Has the Time Come for Comparative Effectiveness Research?
The Editor discusses how the results from comparative effectiveness research will affect the various constituents in the healthcare sector.
There has been a great deal of talk about comparative effectiveness research during the healthcare reform debate: about $1.1 billion worth. In general, the conversation has gone something like this: we can do a better job of focusing treatments, improving care and health outcomes, and saving healthcare dollars when we know what care works best.
Comparative effectiveness is not a new concept. In fact, healthcare leaders such as Gail Wilensky, PhD (Project Hope), and Sean Tunis, MD, MSc (Center for Medical Technology Policy), have been touting the virtues of comparative effectiveness research for some time. Only recently has it seemed to catch on (or at least get funding). A number of questions remain. Who will oversee such work? What outcomes do we expect from this work? How will the results be communicated? How will the results get utilized? Who will benefit from the results? In short, what will this hefty price tag get us? Many of these questions will get answered over time. What I want to focus on today is the conversation on how the results will affect each of the constituencies in the healthcare equation. Who will benefit?
The public conversation around comparative effectiveness has focused on the clinical ramifications and has tended to stay clear of the financial implications. That being said, behind closed doors the financial conversations are occurring.
There is no question that the patient will be one of the major beneficiaries of comparative effectiveness research. The benefits bestowed may be both clinical and financial. If a patient is given a medication that has been found to be more effective, the likelihood of a positive clinical outcome is improved. This outcome also may decrease long-term complications related to the condition being treated. Choosing a successful drug the first time also decreases the likelihood of a medication switch. Both the decreased need to change medications and potentially fewer long-term health complications can decrease the patient’s out-of-pocket costs. The fact remains, however, that as a society we like choice. So what happens if patients in conjunction with their physician choose a medication that was found to be less effective than some of its therapeutic peers? Will the patients be able to get that medication? Will there be financial ramifications in the form of higher out-of-pocket costs?

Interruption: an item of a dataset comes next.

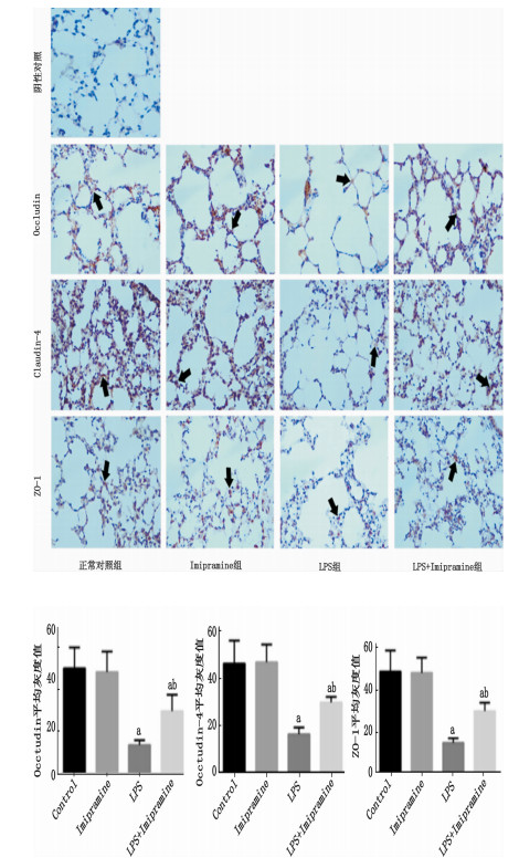 免疫组织化学结果见图 6,Occludin、Claudin-4蛋白主要位于在肺泡上皮细胞膜,表达呈棕黄色;ZO-1主要位于肺泡上皮细胞胞浆内,表达呈棕黄色。LPS组较健康对照组相比,紧密连接蛋白表达显著减少 (Occludin:P < 0.05; Claudin-4: P < 0.05; ZO-1: P < 0.05),LPS+丙咪嗪组较LPS组相比,各紧密连接蛋白表达有所恢复 (Occludin:P < 0.05; Claudin-4: P < 0.05; ZO-1: P < 0.05)。

For patients to receive the benefits of comparative effectiveness research, physicians must have the most up-to-date information. However, in studies of physicians’ prescribing habits, it has been noted that most utilize a small number of medications. These medications are those that they are comfortable using and tend to prescribe most frequently. Many of these medications are ones that physicians learned about during their residency training and early in their professional career. Their knowledge about new medications comes from journals, their peers, and occasionally the drug representatives who visit their offices.
An effective strategy to communicate with physicians is necessary to change their prescribing habits. Information from comparative effectiveness studies must be presented in a timely manner and in an easily received and easily utilized format. One method being considered is communicating through the use of the e-prescribing or electronic medical record tools.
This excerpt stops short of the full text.